- _Exercise material_:
· · · · · · ·

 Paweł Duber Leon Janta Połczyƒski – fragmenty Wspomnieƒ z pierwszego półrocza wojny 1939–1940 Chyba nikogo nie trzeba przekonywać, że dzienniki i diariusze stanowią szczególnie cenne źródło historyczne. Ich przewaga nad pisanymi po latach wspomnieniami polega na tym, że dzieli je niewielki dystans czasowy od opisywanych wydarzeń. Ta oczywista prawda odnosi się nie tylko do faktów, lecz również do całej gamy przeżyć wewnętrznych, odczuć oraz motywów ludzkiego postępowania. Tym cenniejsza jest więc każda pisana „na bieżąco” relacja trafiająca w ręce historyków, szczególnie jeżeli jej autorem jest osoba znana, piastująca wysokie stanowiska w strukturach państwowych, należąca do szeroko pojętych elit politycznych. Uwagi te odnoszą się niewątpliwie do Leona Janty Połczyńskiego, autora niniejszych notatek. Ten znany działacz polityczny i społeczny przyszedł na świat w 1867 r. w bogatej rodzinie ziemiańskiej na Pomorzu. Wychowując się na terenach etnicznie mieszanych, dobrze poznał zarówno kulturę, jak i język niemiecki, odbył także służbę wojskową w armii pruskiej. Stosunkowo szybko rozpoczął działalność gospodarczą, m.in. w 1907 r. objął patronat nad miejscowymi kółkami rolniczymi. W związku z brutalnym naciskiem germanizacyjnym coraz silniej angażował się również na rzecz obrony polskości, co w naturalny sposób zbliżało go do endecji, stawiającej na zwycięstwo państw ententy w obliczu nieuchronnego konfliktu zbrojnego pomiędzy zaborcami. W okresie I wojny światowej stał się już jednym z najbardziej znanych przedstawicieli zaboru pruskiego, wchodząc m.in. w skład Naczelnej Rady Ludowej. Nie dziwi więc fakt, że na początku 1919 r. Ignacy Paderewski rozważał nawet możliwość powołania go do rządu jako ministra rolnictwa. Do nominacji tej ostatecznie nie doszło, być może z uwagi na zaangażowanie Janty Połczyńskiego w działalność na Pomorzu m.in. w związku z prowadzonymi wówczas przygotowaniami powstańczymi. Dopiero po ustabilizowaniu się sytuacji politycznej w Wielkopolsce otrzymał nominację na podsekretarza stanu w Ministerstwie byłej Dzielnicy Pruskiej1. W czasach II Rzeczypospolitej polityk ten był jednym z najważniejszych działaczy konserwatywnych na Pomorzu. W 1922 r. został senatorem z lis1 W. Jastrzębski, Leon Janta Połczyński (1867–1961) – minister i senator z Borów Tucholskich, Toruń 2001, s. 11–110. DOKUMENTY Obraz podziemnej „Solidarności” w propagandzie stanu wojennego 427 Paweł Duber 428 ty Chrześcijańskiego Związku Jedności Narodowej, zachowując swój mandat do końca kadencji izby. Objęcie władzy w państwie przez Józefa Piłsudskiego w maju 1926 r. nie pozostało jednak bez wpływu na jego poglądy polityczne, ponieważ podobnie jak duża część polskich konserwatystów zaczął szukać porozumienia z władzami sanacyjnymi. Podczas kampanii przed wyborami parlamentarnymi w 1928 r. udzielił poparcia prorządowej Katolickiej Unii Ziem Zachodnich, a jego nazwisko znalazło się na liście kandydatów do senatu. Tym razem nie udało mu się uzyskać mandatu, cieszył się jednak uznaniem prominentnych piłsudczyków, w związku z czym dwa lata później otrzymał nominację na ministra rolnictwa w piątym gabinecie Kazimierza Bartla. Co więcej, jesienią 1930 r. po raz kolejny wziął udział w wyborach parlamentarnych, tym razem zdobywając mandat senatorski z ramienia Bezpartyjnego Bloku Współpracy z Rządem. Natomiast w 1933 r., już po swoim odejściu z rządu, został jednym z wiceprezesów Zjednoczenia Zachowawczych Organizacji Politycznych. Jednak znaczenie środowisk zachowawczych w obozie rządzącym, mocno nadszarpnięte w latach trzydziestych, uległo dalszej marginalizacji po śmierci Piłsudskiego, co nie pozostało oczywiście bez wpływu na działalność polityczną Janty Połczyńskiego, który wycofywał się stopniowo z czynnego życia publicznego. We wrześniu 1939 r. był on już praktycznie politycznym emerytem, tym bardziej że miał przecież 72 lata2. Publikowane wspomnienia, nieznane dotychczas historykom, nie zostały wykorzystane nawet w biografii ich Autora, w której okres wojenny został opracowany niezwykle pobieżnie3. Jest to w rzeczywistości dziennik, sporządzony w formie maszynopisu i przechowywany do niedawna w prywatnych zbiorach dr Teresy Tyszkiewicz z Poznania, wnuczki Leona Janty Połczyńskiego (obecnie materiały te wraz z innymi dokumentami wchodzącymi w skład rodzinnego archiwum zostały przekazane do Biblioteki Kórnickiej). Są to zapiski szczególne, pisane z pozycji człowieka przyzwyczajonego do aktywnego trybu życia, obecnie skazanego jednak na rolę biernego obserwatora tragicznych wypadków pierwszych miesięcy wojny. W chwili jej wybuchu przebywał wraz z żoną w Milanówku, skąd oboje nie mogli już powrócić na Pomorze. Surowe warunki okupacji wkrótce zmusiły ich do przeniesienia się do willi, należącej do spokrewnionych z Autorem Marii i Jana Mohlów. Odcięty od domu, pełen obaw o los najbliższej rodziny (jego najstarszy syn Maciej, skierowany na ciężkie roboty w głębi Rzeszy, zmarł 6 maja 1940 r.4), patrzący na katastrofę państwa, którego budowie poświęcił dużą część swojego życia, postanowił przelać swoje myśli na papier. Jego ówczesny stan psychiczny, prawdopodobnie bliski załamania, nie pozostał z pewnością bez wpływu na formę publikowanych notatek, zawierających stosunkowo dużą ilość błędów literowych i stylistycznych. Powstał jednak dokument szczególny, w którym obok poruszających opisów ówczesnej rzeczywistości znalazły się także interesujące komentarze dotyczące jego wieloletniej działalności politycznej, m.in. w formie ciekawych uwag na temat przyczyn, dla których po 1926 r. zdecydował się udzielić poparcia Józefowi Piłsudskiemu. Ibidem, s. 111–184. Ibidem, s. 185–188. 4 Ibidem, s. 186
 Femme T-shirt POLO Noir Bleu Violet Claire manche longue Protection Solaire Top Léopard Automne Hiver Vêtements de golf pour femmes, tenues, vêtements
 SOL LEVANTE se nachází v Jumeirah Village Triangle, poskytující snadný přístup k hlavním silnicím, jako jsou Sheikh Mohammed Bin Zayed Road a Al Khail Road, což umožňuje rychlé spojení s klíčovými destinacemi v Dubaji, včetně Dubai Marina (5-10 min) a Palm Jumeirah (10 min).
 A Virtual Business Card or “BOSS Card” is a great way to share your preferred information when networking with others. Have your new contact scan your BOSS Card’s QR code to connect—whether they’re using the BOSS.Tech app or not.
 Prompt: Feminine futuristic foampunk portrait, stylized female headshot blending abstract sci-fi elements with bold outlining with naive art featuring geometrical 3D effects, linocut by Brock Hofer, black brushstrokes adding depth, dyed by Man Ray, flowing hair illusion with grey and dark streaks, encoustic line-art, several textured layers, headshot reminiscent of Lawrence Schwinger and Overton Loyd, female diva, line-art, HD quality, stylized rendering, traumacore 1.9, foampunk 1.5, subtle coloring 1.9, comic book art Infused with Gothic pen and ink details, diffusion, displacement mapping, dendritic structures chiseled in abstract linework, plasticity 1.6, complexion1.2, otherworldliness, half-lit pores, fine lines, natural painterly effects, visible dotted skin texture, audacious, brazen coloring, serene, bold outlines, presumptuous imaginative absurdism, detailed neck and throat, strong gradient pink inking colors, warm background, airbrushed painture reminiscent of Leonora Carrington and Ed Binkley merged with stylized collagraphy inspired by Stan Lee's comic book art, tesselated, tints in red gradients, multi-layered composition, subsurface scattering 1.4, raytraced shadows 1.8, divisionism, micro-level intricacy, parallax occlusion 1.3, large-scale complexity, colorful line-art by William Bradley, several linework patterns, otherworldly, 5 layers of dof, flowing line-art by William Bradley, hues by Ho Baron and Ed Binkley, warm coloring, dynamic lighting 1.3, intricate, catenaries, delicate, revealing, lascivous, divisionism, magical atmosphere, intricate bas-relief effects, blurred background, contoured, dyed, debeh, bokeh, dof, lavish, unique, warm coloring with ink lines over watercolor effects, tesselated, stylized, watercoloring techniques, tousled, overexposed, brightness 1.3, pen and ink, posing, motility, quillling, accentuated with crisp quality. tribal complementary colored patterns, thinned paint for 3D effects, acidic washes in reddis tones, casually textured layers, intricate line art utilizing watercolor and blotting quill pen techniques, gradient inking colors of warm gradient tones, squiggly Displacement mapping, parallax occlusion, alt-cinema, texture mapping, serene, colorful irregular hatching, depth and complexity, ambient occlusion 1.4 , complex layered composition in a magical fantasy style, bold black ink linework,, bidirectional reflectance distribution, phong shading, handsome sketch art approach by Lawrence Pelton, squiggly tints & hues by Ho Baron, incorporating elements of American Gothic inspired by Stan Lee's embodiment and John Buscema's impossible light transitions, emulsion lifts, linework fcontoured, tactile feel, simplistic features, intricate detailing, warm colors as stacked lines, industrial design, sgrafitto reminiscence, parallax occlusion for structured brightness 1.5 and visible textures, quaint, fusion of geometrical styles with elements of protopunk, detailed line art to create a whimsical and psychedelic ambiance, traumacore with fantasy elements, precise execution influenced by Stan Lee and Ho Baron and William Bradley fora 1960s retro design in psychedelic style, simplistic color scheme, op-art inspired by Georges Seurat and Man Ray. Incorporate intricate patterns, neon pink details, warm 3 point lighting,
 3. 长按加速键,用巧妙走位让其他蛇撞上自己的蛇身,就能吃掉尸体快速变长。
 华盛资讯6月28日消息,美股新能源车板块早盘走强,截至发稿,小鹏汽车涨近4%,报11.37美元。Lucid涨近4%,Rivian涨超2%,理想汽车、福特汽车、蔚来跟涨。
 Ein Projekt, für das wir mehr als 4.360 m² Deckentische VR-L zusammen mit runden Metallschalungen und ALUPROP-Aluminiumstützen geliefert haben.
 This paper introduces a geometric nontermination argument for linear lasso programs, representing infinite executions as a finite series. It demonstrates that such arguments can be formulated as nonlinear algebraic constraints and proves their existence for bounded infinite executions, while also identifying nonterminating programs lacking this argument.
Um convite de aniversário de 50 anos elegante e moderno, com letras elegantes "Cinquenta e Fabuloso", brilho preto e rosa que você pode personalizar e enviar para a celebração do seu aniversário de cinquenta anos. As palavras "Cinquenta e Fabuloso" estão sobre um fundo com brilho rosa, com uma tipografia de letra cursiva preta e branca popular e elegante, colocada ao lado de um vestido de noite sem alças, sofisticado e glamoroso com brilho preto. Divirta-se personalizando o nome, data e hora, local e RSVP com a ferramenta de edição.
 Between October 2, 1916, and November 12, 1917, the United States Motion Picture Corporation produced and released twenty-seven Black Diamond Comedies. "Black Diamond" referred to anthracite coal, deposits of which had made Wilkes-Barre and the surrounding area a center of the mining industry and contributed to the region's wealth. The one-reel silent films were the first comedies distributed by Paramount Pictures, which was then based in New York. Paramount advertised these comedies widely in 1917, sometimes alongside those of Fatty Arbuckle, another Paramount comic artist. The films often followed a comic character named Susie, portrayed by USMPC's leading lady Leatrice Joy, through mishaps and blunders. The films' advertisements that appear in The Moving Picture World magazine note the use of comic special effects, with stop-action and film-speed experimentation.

· · · · · · ·

- _Work item_: For the lines above, output exactly those from the line containing "华盛资讯6月28日消息,美股" through the line containing "Um convite de", and skip the others.

- _Answer box_:
 华盛资讯6月28日消息,美股新能源车板块早盘走强,截至发稿,小鹏汽车涨近4%,报11.37美元。Lucid涨近4%,Rivian涨超2%,理想汽车、福特汽车、蔚来跟涨。
 Ein Projekt, für das wir mehr als 4.360 m² Deckentische VR-L zusammen mit runden Metallschalungen und ALUPROP-Aluminiumstützen geliefert haben.
 This paper introduces a geometric nontermination argument for linear lasso programs, representing infinite executions as a finite series. It demonstrates that such arguments can be formulated as nonlinear algebraic constraints and proves their existence for bounded infinite executions, while also identifying nonterminating programs lacking this argument.
Um convite de aniversário de 50 anos elegante e moderno, com letras elegantes "Cinquenta e Fabuloso", brilho preto e rosa que você pode personalizar e enviar para a celebração do seu aniversário de cinquenta anos. As palavras "Cinquenta e Fabuloso" estão sobre um fundo com brilho rosa, com uma tipografia de letra cursiva preta e branca popular e elegante, colocada ao lado de um vestido de noite sem alças, sofisticado e glamoroso com brilho preto. Divirta-se personalizando o nome, data e hora, local e RSVP com a ferramenta de edição.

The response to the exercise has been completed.